I have a dataframe like :
ItemName Category
item1 cat1
item2 cat1
item3 cat1
item4 cat1
item5 cat2
item6 cat2
and one like:
CategoryName Element
cat1 element1
cat2 element2
I want to merge both dataframes into one, based on the category column, but now I have two columns having the categories. This would be the ideal result:
ItemName Category Element
item1 cat1 element1
item2 cat1 element1
item3 cat1 element1
item4 cat1 element1
item5 cat2 element2
item6 cat2 element2
But I have the result with duplicate of column Category and CategoryName. How to solve this duplicate issue when merging the dataframes?

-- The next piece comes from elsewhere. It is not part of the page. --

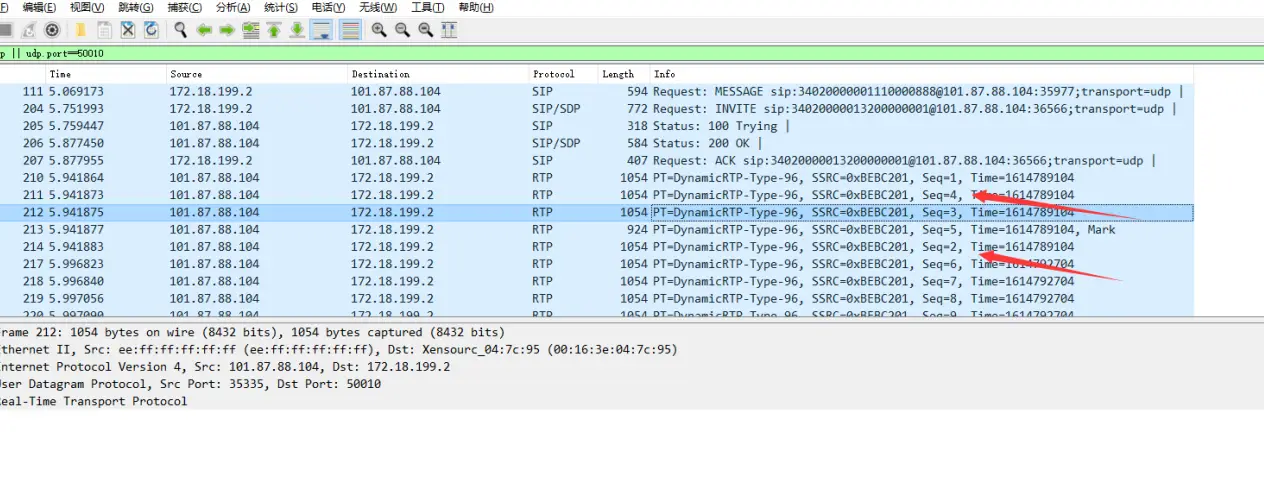 于是我们进入到该现场进行抓包检查,可以看到有设备其实已经发送了流,但是传输中出现了乱序的问题,这个乱序对视频的播放存在一定的影响,但是不会导致视频流一直不能播放,于是我们考虑是系统视频流应答超时的问题。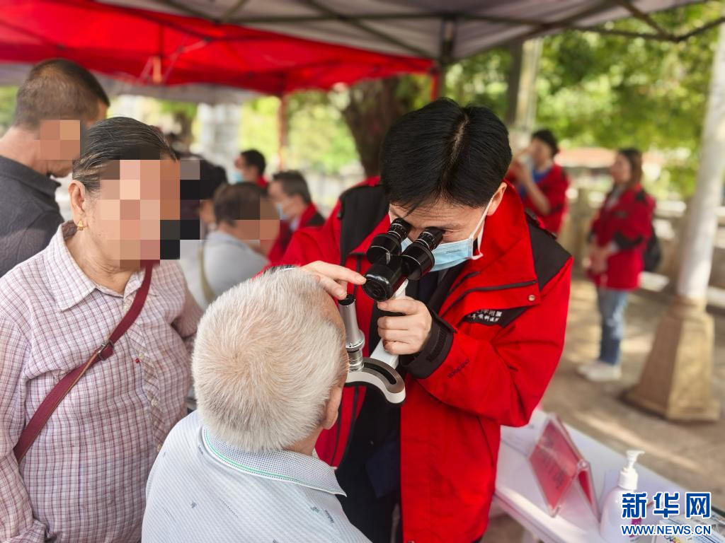 复旦大学附属眼耳鼻喉科医院院长周行涛在义诊现场为当地群众做眼部检查。新华社记者 李恒 摄

What I did for the merge:
result_df= df1.merge(
df2,
left_on='Category',
right_on='CategoryName',
how='inner')
CodePudding user response:
Unfortunately you would need to rename the columns:
>>> df1.merge(df2.rename({'CategoryName': 'Category'}, axis=1), on='Category')
ItemName Category Element
0 item1 cat1 element1
1 item2 cat1 element1
2 item3 cat1 element1
3 item4 cat1 element1
4 item5 cat2 element2
5 item6 cat2 element2
>>>
Or you have to drop it:
>>> df1.merge(df2, left_on='Category', right_on='CategoryName').drop('CategoryName', axis=1)
ItemName Category Element
0 item1 cat1 element1
1 item2 cat1 element1
2 item3 cat1 element1
3 item4 cat1 element1
4 item5 cat2 element2
5 item6 cat2 element2
>>>
CodePudding user response:
You can use pd.Series.map
:
df["Element"] = df["Category"].map(df2.set_index("CategoryName")["Element"])
print (df)
ItemName Category Element
0 item1 cat1 element1
1 item2 cat1 element1
2 item3 cat1 element1
3 item4 cat1 element1
4 item5 cat2 element2
5 item6 cat2 element2